Dulu mereka berdua terkadang habiskan waktu disini. Sekedar mengobrol sambil menikmati pemandangan senja yang memesona. Sai memeluknya dari belakang, menumpukan kepalanya diatas bahu Ino. Sambil bersenangdung menyanyikan lagu kesukaan, Sai sangat menyukai itu, karena baginya itu sangat nyaman dan menenangkannya.

Kelopak bunga sakura kembali berayun anggun. Membentuk gesekan simfoni merdu saat terlepas dari rantingnya. Angin kembali berhembus menerbangkan kelopak-kelopak bunga menjamah udara. Sesaat semilir angin mempercepat tempo irama hembusannya. Kelopak-kelopak bunga merah jambu tersebut berkumpul─menari riang bersama angin.

Wanita itu tersenyum tipis. Kepalanya bergoyang kecil, mencoba menikmati hiburan di hadapannya. Sudah lebih dari empat tahun ia tak pernah lagi bertemu dengan laki-laki itu. ah... rasanya sangat menyenangkan.

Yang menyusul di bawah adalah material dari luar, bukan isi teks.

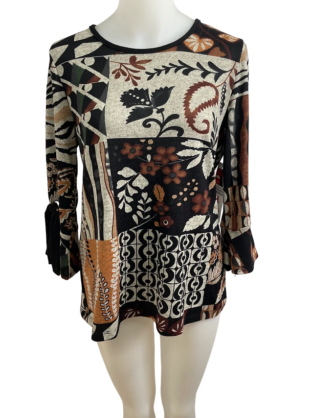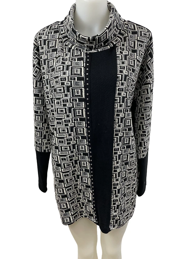 Haut uni/imprimé rayures au col drapé, effet 2p

Bibirnya kembali menyunggingkan sebuah senyuman ketika melihat malaikat kecilnya yang sedang bermain-main dengan kupu-kupu. Sepertinya malaikat-malaikat kecilnya itu sudah menemukan teman bermain baru untuk diajak bermain.

“Ma…ma…” lamunan wanita itu pun buyar akibat suara anaknya. Ia menunduk, mensejajarkan tingginya, lalu mengelus-elus kepala anak kecil itu.

“Ada apa sayang? Apa kau lapar, hm?” Tanyanya pada anak gadisnya yang masih berumur dua tahun lebih itu.

Anak itu hanya mengangguk sebagai jawabannya. “Ma... ma..., Liyu juga lapal...” Timpal anak lelakinya yang lain.

Tangan Ino yang lain juga turut mengelus-elus kepala anaknya yang satu lagi.

“Baiklah sayang. Kita pulang. Jadi kalian mau makan apa, hm?” Tanya Ino seraya mengamit lengan kedua putra-putrinya.

“pelmeeeen” jawab anaknya berbarengan.

“eeeeh.... kok permen sayang!” kekeh Ino mendengar jawaban kedua anaknya itu.
~.~

Luka yang selama ini kurasa
Sakit yang mendalam di hati
Kini telah terobati
Biarlah kau bersama dirinya
Dan aku bersama hadiah yang kau beri
Lebih indah dibanding harta yang paling berharga di dunia ini.

FIN.

A/N : hahaha aku gak tahu ini cerita atau apaan. Baru kali ini buat fic dengan model kayak gini. Hehehe... tapi─yah sudahlah. Sudah terlanjur jadi.
Sebenarnya ini fic berdasarkan kisah nyata dari seorang teman. Yah walau sedikit dilebaykan. Hehehe...
Untuk temanku, semoga bisa diterima.